* **Task goal**: From the first line to the last, restate the data exactly, leaving out the images.

Collected data entries:
-- Opening Marker --
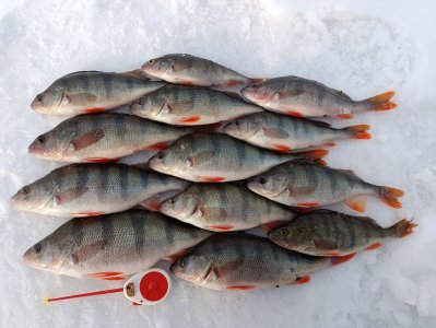 Вести Новосибирская областьВсем привет. Очередная рыбалка проходила на Обском водохранилище а точнее в его низах. До первой точки дошёл быстро, благо наст держал, подморозило. Бурю первую лунку, глубина 1 м. подо льдом, рыбы нет иду дальше и смещаюсь на 2 м. а вот и стая полосатых, запрыгиваю в палатку и первым в бой пошёл чёртик, тишина. Пробую на гвоздик с латунным шариком, с первой проводки поклёвка да какая, от неожиданности аж вздрогнул, достойно сопротивлялся, первый есть. Следом сход, опять поклёвка, с ударом. Хорошо мормышку съел, не сошол бы. Приятный размер. Трясу, тишина, опускаю камеру а стая начала двигаться, это плохо. Поиграл в догоняшки, немного успел поймать, уже на другие безмотылки, потерял стаю. Пошёл на другую точку, глубина 4 метра, опускаю камеру а там его, дна не видно, всё в рыбе. Первая проводка на чёртика , есть контакт, мормышка в шахте а сопротивлялся как, приходилось леску отдавать чтобы не оборвал снасть. Ловлю ещё парочку, опять затихло. История повторяется, стая двинулась, дальнейшие уговоры на поклевку ни к чему не привели. Улов хоть и не велик но приятный. Вот такая получилась рыбалка.
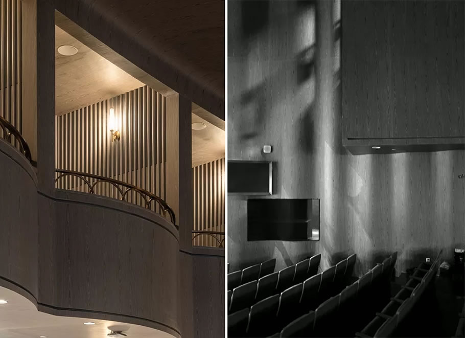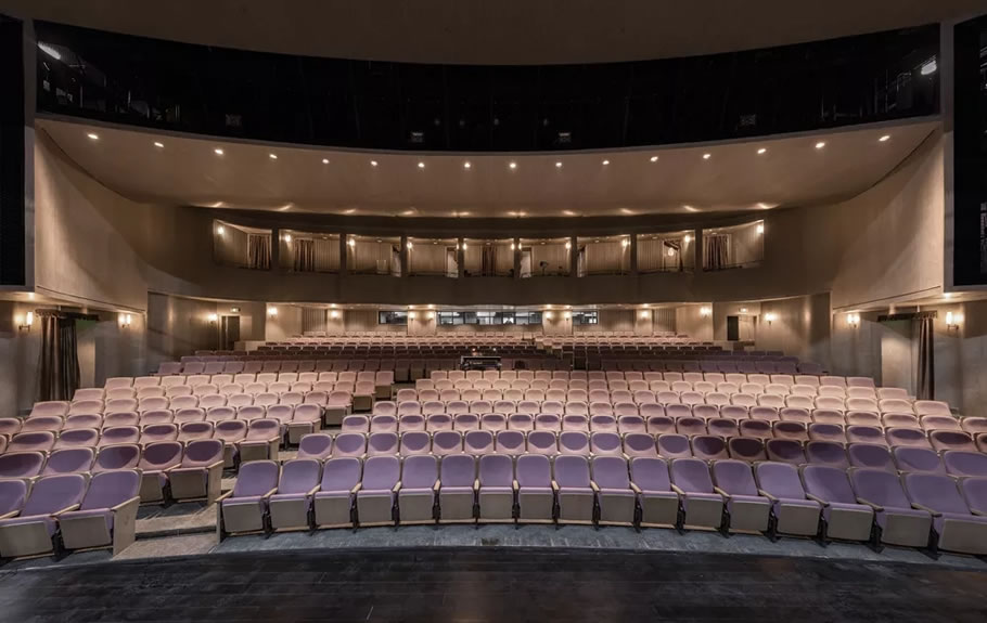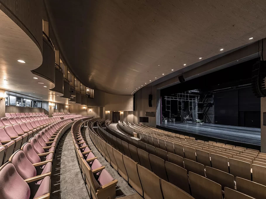 The wrapped inner surface design of the auditorium cleverly extends the form change of the curved box to the side walls on both sides of the pool seat. In addition to the consideration of form, it is more important to improve the uniformity of the sound field and adjust the appropriate reverberation time, so that every seat in the auditorium can obtain the language clarity necessary to enjoy the drama.
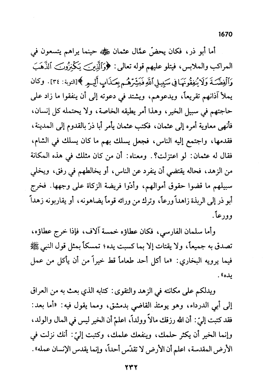 أما أبو ذر، فكان يحض عمَّال عثمان - رضي الله عنه - حينما يراهم يتسعون في المراكب والملابس، فيتلو عليهم قوله تعالى: " {وَالَّذِينَ يَكْنِزُونَ الذَّهَبَ وَالْفِضَّةَ وَلَا يُنْفِقُونَهَا فِي سَبِيلِ اللَّهِ فَبَشِّرْهُمْ بِعَذَابٍ أَلِيمٍ} [التوبة: 34]. وكان يملأ آذانهم تقريعاً، ويدعوهم، ويشتد في دعوته إلى أن ينفقوا ما زاد على حاجتهم في سبيل الخير، وهذا أمر يطيقه الخاصة، ولا يحتمله كل إنسان، فأنهى معاوية أمره إلى عثمان، فكتب عثمان يأمر أبا ذرّ بالقدوم إلى المدينة، فقدمها، واجتمع إليه الناس، فجعل يسلك بهم ما كان يسلك في الشام، فقال له عثمان: لو اعتزلت؟. ومعناه: أن من كان مثلك في هذه المكانة من الزهد، فحاله يقتضي أن ينفرد عن الناس، أو يخالطهم في رفق، ويخلي سبيلهم ما قضوا حقوق أموالهم، وأذوا فريضة الزكاة على وجهها. فخرج أبو ذر إلى الربذة زاهداً ورعًا، وترك من ورائه قوماً يضاهونه، أو يقاربونه زهداً وورعاً.
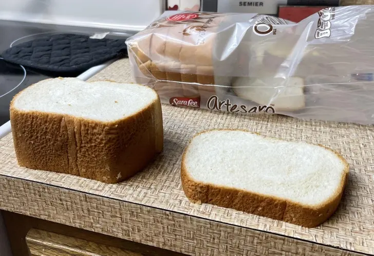 5. ขนมปังแถวของฉันหั่นไว้ไม่ดี ก็เลยมีแผ่นที่ชิ้นใหญ่ยักษ์อยู่ด้วย แต่บางทีเขาอาจจะลืมหันมันก็ได้
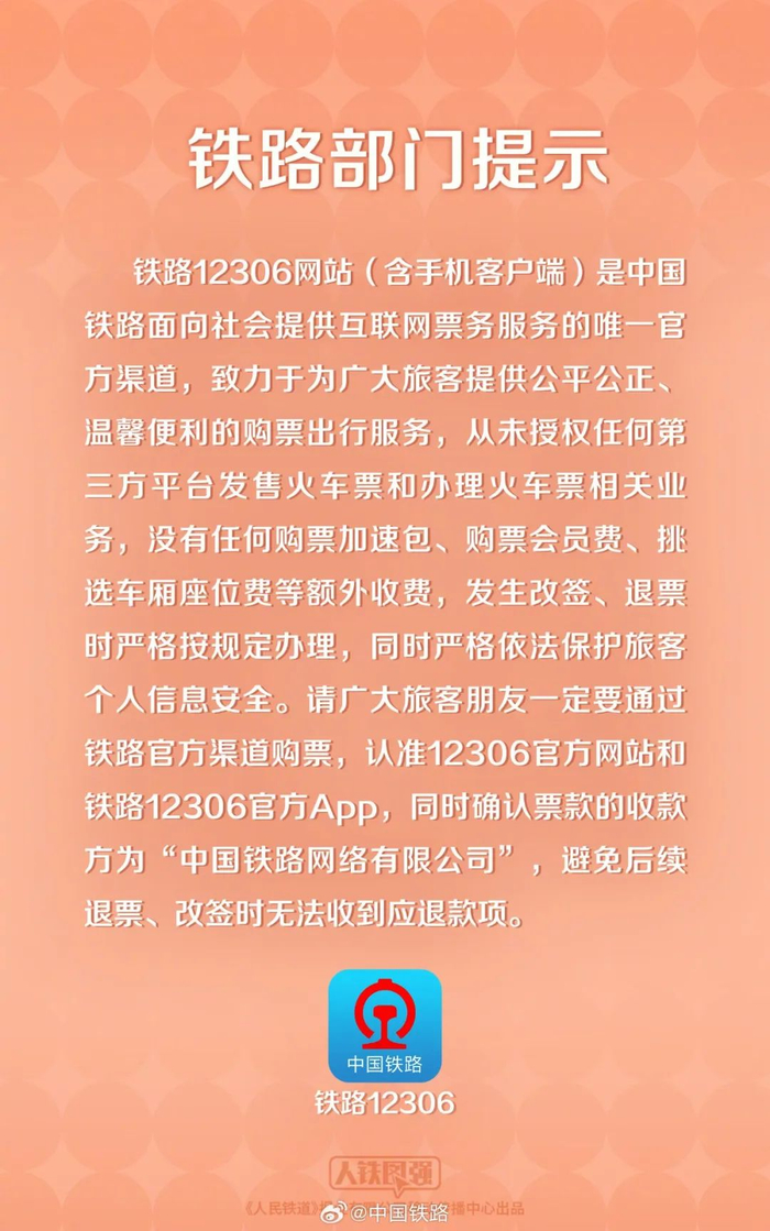 请广大旅客朋友一定要通过铁路官方渠道购票,认准12306官方网站和铁路12306官方App,同时确认票款的收款方为“中国铁路网络有限公司”,避免后续退票、改签时无法收到应退款项。
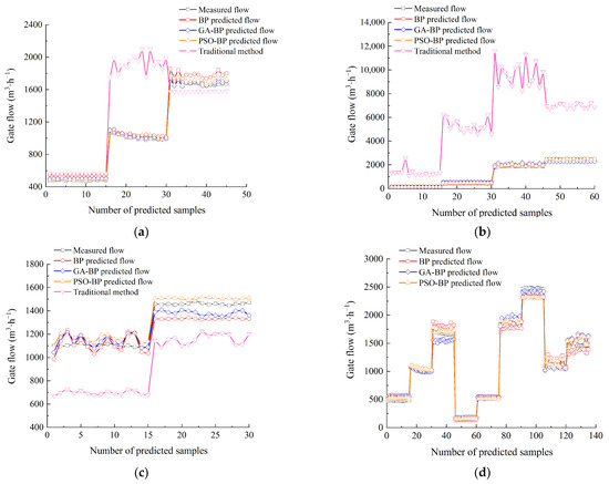 Flow prediction results of traditional water measurement methods, the BP model, the GA-BP model, and the PSO-BP model under different flow patterns: (a) free outflow with gate control; (b) submerged outflow with gate control; (c) weir flow; and (d) combined flow patterns.
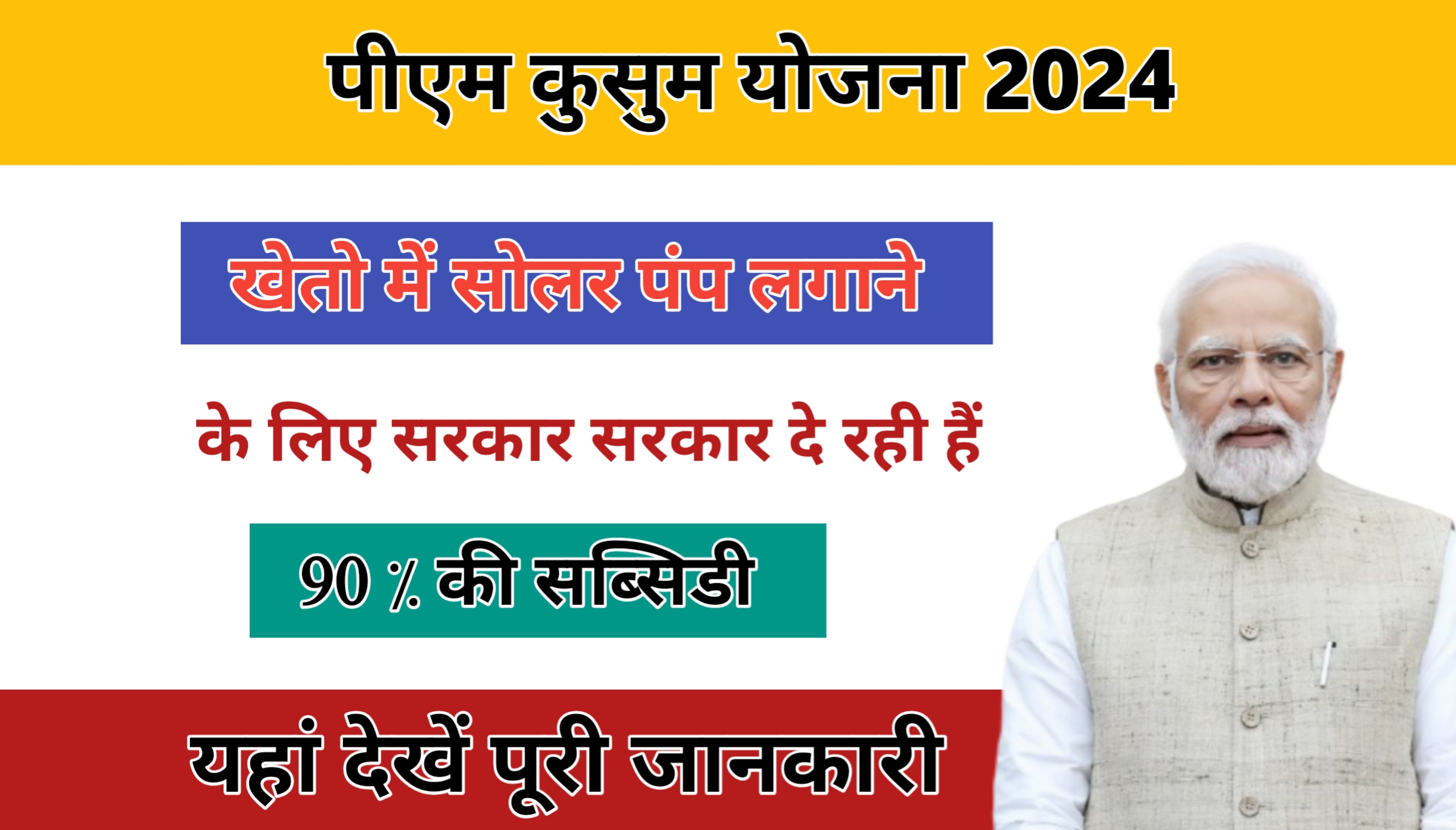 प्रधानमंत्री ने 2019 में प्रधानमंत्री ने कुसुम योजना की शुरुआत की थी इस योजना के तहत, किसानों को सोलर पम्प लगवाने के लिए सब्सिडी प्रदान की जाती है। यह भारत सरकार की एक प्रमुख योजना है जिसके अंतर्गत किसानों को उनके खेतों में सोलर पम्प लगवाने पर 90% की सब्सिडी प्रदान की जाती है।
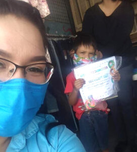 Maestra Alejandra con todas las medidas de seguridad visitó a sus alumnos en sus hogares para entregarles su diploma de fin de ciclo escolar.
-- Closing Marker --
* **Exercise answer**:
 Вести Новосибирская областьВсем привет. Очередная рыбалка проходила на Обском водохранилище а точнее в его низах. До первой точки дошёл быстро, благо наст держал, подморозило. Бурю первую лунку, глубина 1 м. подо льдом, рыбы нет иду дальше и смещаюсь на 2 м. а вот и стая полосатых, запрыгиваю в палатку и первым в бой пошёл чёртик, тишина. Пробую на гвоздик с латунным шариком, с первой проводки поклёвка да какая, от неожиданности аж вздрогнул, достойно сопротивлялся, первый есть. Следом сход, опять поклёвка, с ударом. Хорошо мормышку съел, не сошол бы. Приятный размер. Трясу, тишина, опускаю камеру а стая начала двигаться, это плохо. Поиграл в догоняшки, немного успел поймать, уже на другие безмотылки, потерял стаю. Пошёл на другую точку, глубина 4 метра, опускаю камеру а там его, дна не видно, всё в рыбе. Первая проводка на чёртика , есть контакт, мормышка в шахте а сопротивлялся как, приходилось леску отдавать чтобы не оборвал снасть. Ловлю ещё парочку, опять затихло. История повторяется, стая двинулась, дальнейшие уговоры на поклевку ни к чему не привели. Улов хоть и не велик но приятный. Вот такая получилась рыбалка.
 The wrapped inner surface design of the auditorium cleverly extends the form change of the curved box to the side walls on both sides of the pool seat. In addition to the consideration of form, it is more important to improve the uniformity of the sound field and adjust the appropriate reverberation time, so that every seat in the auditorium can obtain the language clarity necessary to enjoy the drama.
 أما أبو ذر، فكان يحض عمَّال عثمان - رضي الله عنه - حينما يراهم يتسعون في المراكب والملابس، فيتلو عليهم قوله تعالى: " {وَالَّذِينَ يَكْنِزُونَ الذَّهَبَ وَالْفِضَّةَ وَلَا يُنْفِقُونَهَا فِي سَبِيلِ اللَّهِ فَبَشِّرْهُمْ بِعَذَابٍ أَلِيمٍ} [التوبة: 34]. وكان يملأ آذانهم تقريعاً، ويدعوهم، ويشتد في دعوته إلى أن ينفقوا ما زاد على حاجتهم في سبيل الخير، وهذا أمر يطيقه الخاصة، ولا يحتمله كل إنسان، فأنهى معاوية أمره إلى عثمان، فكتب عثمان يأمر أبا ذرّ بالقدوم إلى المدينة، فقدمها، واجتمع إليه الناس، فجعل يسلك بهم ما كان يسلك في الشام، فقال له عثمان: لو اعتزلت؟. ومعناه: أن من كان مثلك في هذه المكانة من الزهد، فحاله يقتضي أن ينفرد عن الناس، أو يخالطهم في رفق، ويخلي سبيلهم ما قضوا حقوق أموالهم، وأذوا فريضة الزكاة على وجهها. فخرج أبو ذر إلى الربذة زاهداً ورعًا، وترك من ورائه قوماً يضاهونه، أو يقاربونه زهداً وورعاً.
 5. ขนมปังแถวของฉันหั่นไว้ไม่ดี ก็เลยมีแผ่นที่ชิ้นใหญ่ยักษ์อยู่ด้วย แต่บางทีเขาอาจจะลืมหันมันก็ได้
 请广大旅客朋友一定要通过铁路官方渠道购票,认准12306官方网站和铁路12306官方App,同时确认票款的收款方为“中国铁路网络有限公司”,避免后续退票、改签时无法收到应退款项。
 Flow prediction results of traditional water measurement methods, the BP model, the GA-BP model, and the PSO-BP model under different flow patterns: (a) free outflow with gate control; (b) submerged outflow with gate control; (c) weir flow; and (d) combined flow patterns.
 प्रधानमंत्री ने 2019 में प्रधानमंत्री ने कुसुम योजना की शुरुआत की थी इस योजना के तहत, किसानों को सोलर पम्प लगवाने के लिए सब्सिडी प्रदान की जाती है। यह भारत सरकार की एक प्रमुख योजना है जिसके अंतर्गत किसानों को उनके खेतों में सोलर पम्प लगवाने पर 90% की सब्सिडी प्रदान की जाती है।
 Maestra Alejandra con todas las medidas de seguridad visitó a sus alumnos en sus hogares para entregarles su diploma de fin de ciclo escolar.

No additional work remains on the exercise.